Mad #30
☆ Be the first to review + Add to your collection — Join freeMad #30 (December 1956) is one of the most pivotal single issues in the history of American humor publishing: it marks the first time Norman Mingo's now-definitive painted portrait of Alfred E. Neuman appeared as a full cover, with the character identified by name and running as a write-in presidential candidate alongside a Democrat donkey and a Republican elephant. That image became Mad's permanent face for decades, cementing the magazine's identity in the public imagination. The issue also debuts the 'Old Comic-Strip Characters' Home' feature by Al Feldstein and Wally Wood — a loving elegy to dozens of retired newspaper comic-strip characters that stands as one of the most sweeping cross-property tributes the American comics medium had yet produced. Arriving just one issue into new editor Al Feldstein's tenure, #30 effectively announced the Feldstein era's tone and visual grammar, launching a creative run that would quadruple the magazine's circulation over the following two decades.

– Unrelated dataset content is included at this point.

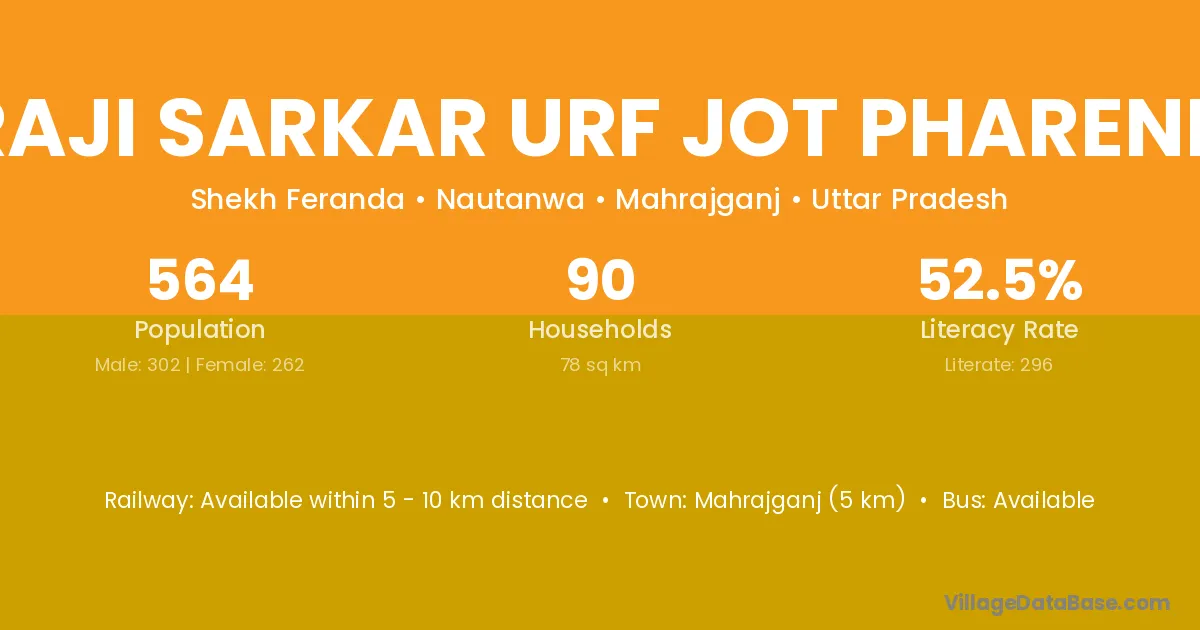 Mahrajganj (5 km) is the nearest town to Araji Sarkar Urf Jot Pharenda village for major economic activities and is located approximately 5 km away.

A hilarious roundup of college humor from the 1950s, "B. F. Goodnrich Autoless - Because You Don't Need a Car, Just Tires" collects gag cartoons from student publications like the Iowa State Green Gander and the Harvard Lampoon, showcasing the sharp, satirical wit of campus comedians. With contributions from a rotating cast of writers and artists—including Rice, Bill Davis, Parks, and others—this Mad issue delivers classic absurdity in the signature EC style. The cover, a collaborative effort by Norman Mingo, Harvey Kurtzman, and Bill Elder, perfectly captures the zany spirit of the era.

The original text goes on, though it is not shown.